R. : Je souhaite tout d'abord vous présenter les excuses de M. Charles Millon, ministre de la Défense, qui ne peut être des nôtres ce matin, car il accompagne le président de la République dans son déplacement aux États-Unis d'Amérique. Je vais donc vous faire connaître les éléments de réponse qu'il m'a communiqués.

Au préalable, je voudrais rendre hommage à la persévérance avec laquelle vous défendez la construction navale militaire. Ce n'est pas la première fois que vous intervenez sur ce sujet et je sais l'importante qu'il a à vos yeux, et l'action que vous menez dans ce sens. En outre, vous avez livré, au travers de votre question, un certain nombre d'éléments de réflexion, voire de propositions, émanant en particulier du Conseil régional de Bretagne, concernant l'évolution de la situation dans ce secteur. Je les porterai bien entendu à la connaissance de M. le ministre, car ils doivent faire partie de la réflexion qu'il a engagée.

Méthode ministérielle :

Voici maintenant la réponse qu'il m'a chargé de vous transmettre. M. le ministre de la Défense a mis en place une méthode qu'il a déjà eu l'occasion d'exposer :

Phase de clarification

La première est une phase de clarification. Il s'agit de porter un diagnostic précis sur la situation, afin de disposer de tous les éléments nécessaires à l'analyse. Pour ce qui concerne la Direction des constructions navales, cette première phase de clarification a été confiée à un groupe de travail présidé par le Délégué général pour l'armement, M. Conze.

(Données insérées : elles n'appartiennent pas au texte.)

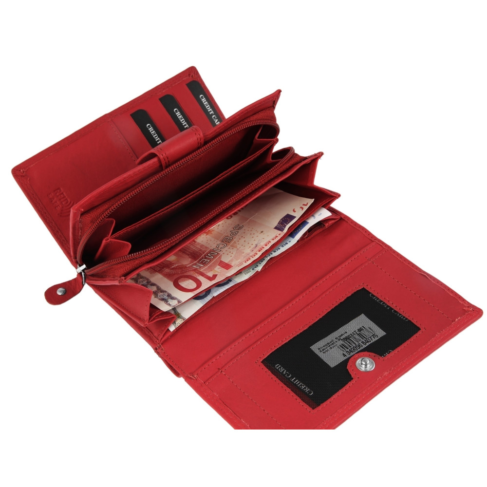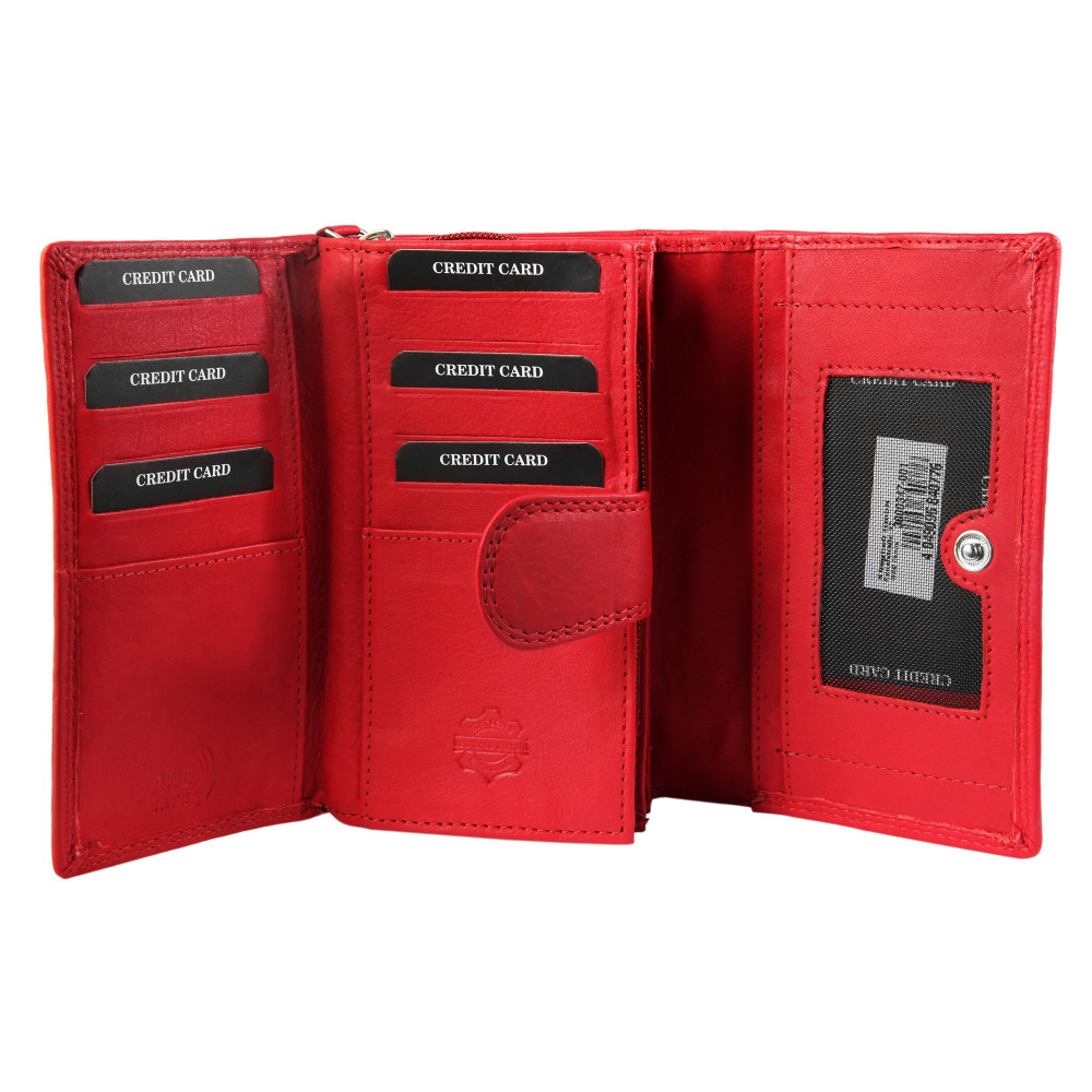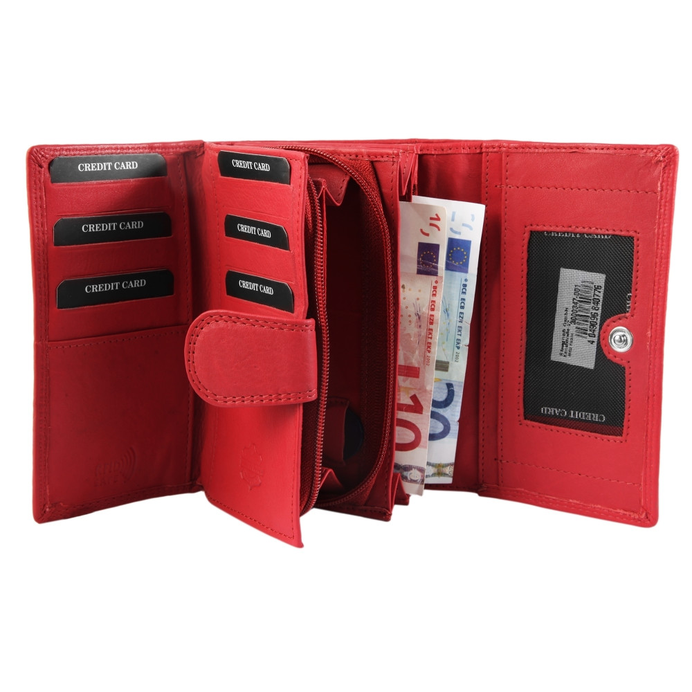 Kožená barevná luxusní peněženka je vyrobená z pravé kůže, světle červené barvy. Uvnitř je peněženka netradičně dorzdělena na tři části. po otevření klopy peněženky jsou přístupné kapsy na karty a bankovky. V další části je mincovník s velkým ezdcem pro pohodlné otevírání. Kapsy v mincovníku jsou prošité až na dno, takže už žádné troušení mincí se konat nebude. Poslední část peněženky je uzavřená přezkou s pevným drukem a jsou pod ní spousty kapes na karty. Na zadní straně peněženky je kapsa uzavíratelná zipem. Peněženka je vyrobena z jemné měkké kůže a je značky Leonardo Verrelli.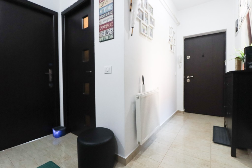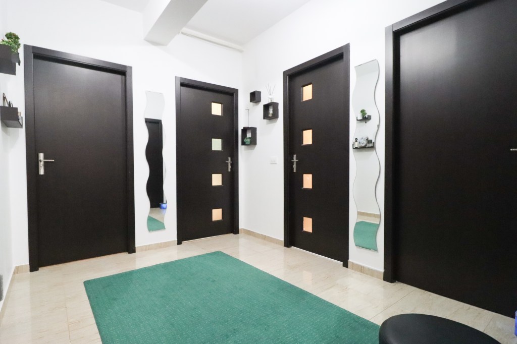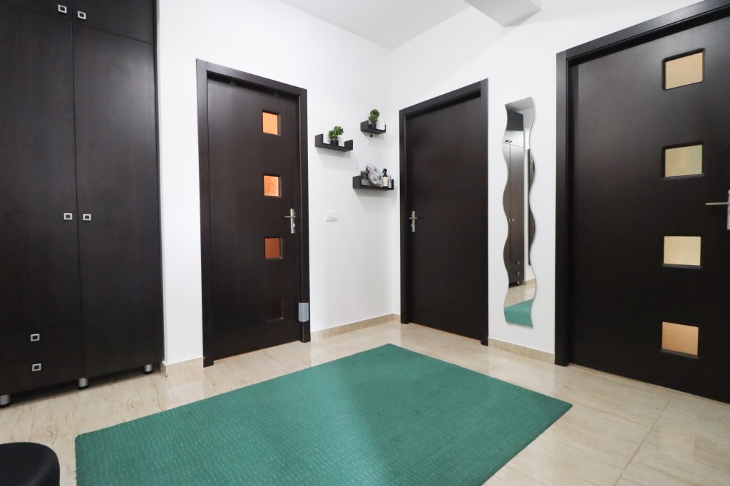 În momentul în care pășești înăuntru intri într-un hol de 11 mp unde avem un pantofar (deasupra lui avem și un geam) și un dressing încăpător. De aici în partea dreaptă avem prima dată grupul sanitar, apoi dormitorul mare și bucătăria. Înainte găsim livingul și cu dormitorul mic iar în partea stângă avem grupul sanitar de serviciu.
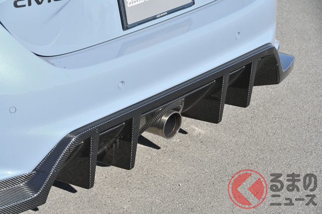 レーシングマシンのようなディフューザー形状は、空力解析をして開発したもので、滞留する空気を放出し、空気抵抗を低減。これにリアの2つのスポイラーとウイングを組み合わせることで、強大なダウンフォースを獲得できます。

Cette première phase prend en compte les éléments tels que ceux que vous évoquez, dans votre question, monsieur le député, mais vous comprendrez qu'elle ne donne pas lieu à des communications intermédiaires, parce qu'il y aurait danger à déformer, par un diagnostic partiel, le diagnostic final ;

Phase de concertation

La première phase de clarification, s'achèvera le jour même où la deuxième phase, de concertation, commencera – vous l'avez dit tout à l'heure – c'est-à-dire le 13 février. Dans la même journée, en effet, ce rapport sera présenté à l'ensemble des personnes intéressées. Il s'agit du ministre de la Défense en premier lieu, bien entendu, des élus concernés par les sites de la DCN, des directeurs d'établissements de la DCN et des représentants du personnel suivi.

Accompagnement économique et social

Vous évoquez également, monsieur le député, les conséquences économiques et sociales de la baisse d'activité de la DCN à Brest. Comme le ministre de la Défense a eu l'occasion également de vous le dire, il est en train de constituer « une boite à outils » destinée à rassembler l'ensemble des mesures d'accompagnement économique et social des restructurations de la défense.

Celles-ci sont en cours d'élaboration, et seront naturellement présentées le moment venu devant votre assemblée. Et je ne doute pas que les mesures proposées par la région puissent venir les enrichir.